Fig. 7 is a schematic structural diagram of a server 700 according to an embodiment of the present application, where the server 700 may generate a relatively large difference due to a difference in configuration or performance, and may include one or more processors (CPUs) 701 and one or more memories 702, where at least one instruction is stored in the memory 702, and the at least one instruction is loaded and executed by the processor 701 to implement the resource scheduling method provided by each method embodiment. Of course, the server may also have components such as a wired or wireless network interface, a keyboard, and an input/output interface, so as to perform input/output, and the server may also include other components for implementing the functions of the device, which are not described herein again.
The embodiment of the present application further provides a computer-readable storage medium, where at least one instruction is stored in the computer-readable storage medium, and the at least one instruction is loaded by a processor and has an operation to implement the resource scheduling method of the foregoing embodiment.
It will be understood by those skilled in the art that all or part of the steps of implementing the above embodiments may be implemented by hardware, or may be implemented by a program instructing relevant hardware, where the program may be stored in a storage medium, and the storage medium may be a read-only memory, a magnetic disk, an optical disk, or the like.
The above description is only a preferred embodiment of the present application and should not be taken as limiting the present application, and any modifications, equivalents, improvements, etc. made within the spirit and principle of the present application should be included in the protection scope of the present application.

Claims (14)

1. A method for scheduling resources, the method comprising:
for a plurality of service instances of any type in a cloud service architecture, acquiring first historical time calling characteristics of the plurality of service instances, and acquiring first historical operating data of the plurality of service instances;
inputting first historical time calling characteristics and first historical operation data of the plurality of service instances into a first service calling characteristic model, and predicting a first calling number of the service instances of the type in a first preset time length in the future;
adjusting the online service instances of the type in the cloud service architecture according to the first calling quantity of the service instances of the type and the current second calling quantity of the service instances of the type;
and allocating resources for the online service instance of the type according to the adjusted online service instance of the type.
2. The method of claim 1, further comprising:
acquiring second historical time calling characteristics and second historical operating data of a plurality of types of service instances in the cloud service architecture;
and training a second service calling feature model through a machine learning algorithm and a statistical analysis algorithm according to the second historical time calling feature and the second historical operating data to obtain the first service calling feature model.
3. The method of claim 2, wherein the second historical operating data includes at least one operating metric; the training a second service calling feature model according to the second historical time calling feature and the second historical operating data through a machine learning algorithm and a statistical analysis algorithm to obtain the first service calling feature model comprises:
determining the weight of each operation index through the statistical analysis algorithm;
and training the second service calling feature model through the machine learning algorithm according to the weight of each operation index, the second historical time calling feature and each operation index in the second historical operation data to obtain the first service calling feature model.

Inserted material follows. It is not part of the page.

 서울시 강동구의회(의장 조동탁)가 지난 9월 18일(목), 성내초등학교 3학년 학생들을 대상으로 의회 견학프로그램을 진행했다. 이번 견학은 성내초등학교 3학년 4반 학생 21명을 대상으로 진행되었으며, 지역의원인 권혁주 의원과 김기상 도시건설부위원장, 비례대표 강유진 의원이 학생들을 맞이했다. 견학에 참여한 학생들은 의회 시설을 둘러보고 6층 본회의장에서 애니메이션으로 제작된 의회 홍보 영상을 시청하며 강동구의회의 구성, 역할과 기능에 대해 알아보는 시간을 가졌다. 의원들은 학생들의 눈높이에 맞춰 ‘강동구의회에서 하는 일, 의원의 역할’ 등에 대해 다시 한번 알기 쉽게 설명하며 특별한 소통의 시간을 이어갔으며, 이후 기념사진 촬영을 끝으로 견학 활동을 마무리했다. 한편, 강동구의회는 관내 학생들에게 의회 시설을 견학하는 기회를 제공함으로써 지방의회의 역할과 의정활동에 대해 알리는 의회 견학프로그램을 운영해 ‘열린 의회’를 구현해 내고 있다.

4. The method of claim 3, wherein the training the second service invocation feature model through the machine learning algorithm according to the weight of each operation index, the second historical time invocation feature and each operation index in the second historical operation data to obtain the first service invocation feature model comprises:
predicting a third calling quantity of each type of service instance in a second preset time length in the future through the statistical analysis algorithm;
predicting a fourth calling number of each type of service instance in a second preset time in the future through the second service calling feature model according to the weight of each operation index, the second historical time calling feature and each operation index in the second historical operation data;
and training the first weight of each operation index in the second service call characteristic model through the machine learning algorithm according to the difference value between the third call quantity and the fourth call quantity to obtain the first service call characteristic model.

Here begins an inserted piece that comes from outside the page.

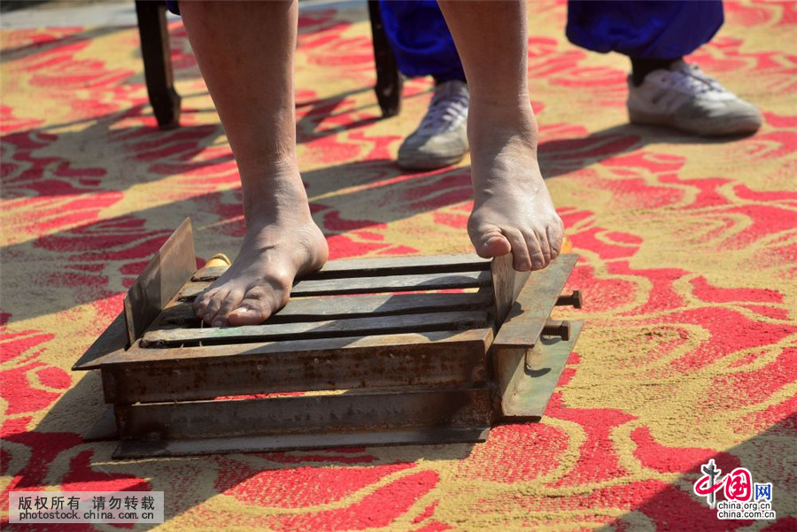 2016年10月30日,来自山东省泰安市肥城市石横镇的民间武术人士徐庆国,在全国(东阿)首届传统武术功力交流大赛上,展示他的功夫,赤脚踩钢刀刃,铁锤贯顶击砖绝活。中国网图片库 史奎华/摄

5. The method of claim 4, wherein the training the weight of each running index in the second service invocation feature model through the machine learning algorithm by the difference between the third invocation number and the fourth invocation number to obtain the first service invocation feature model comprises:
if the difference value between the third calling quantity and the fourth calling quantity is larger than a first quantity threshold value, adjusting the weight of each operation index in the second service calling feature model to obtain a third service calling feature model;
predicting a fifth calling number of the service instances of each type in a second preset time length in the future through the third service calling feature model;
if the difference between the third calling quantity and the fifth calling quantity is larger than a first quantity threshold value, adjusting the weight again until the difference between the third calling quantity and the fifth calling quantity is smaller than a first quantity threshold value, and determining that the third service calling feature model obtained by the last adjustment is the first service calling feature model.

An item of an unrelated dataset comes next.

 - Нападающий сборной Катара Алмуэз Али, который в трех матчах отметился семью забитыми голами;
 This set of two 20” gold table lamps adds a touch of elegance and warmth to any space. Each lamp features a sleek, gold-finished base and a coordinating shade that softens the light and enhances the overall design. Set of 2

6. The method of claim 1, wherein obtaining the first historical time invocation feature for the plurality of service instances comprises:
acquiring recorded historical calling information of a plurality of service instances of the type in the cloud service architecture according to the type, wherein the historical calling information comprises calling time and calling quantity;
and determining a first historical time calling characteristic of the plurality of service instances according to the historical calling information.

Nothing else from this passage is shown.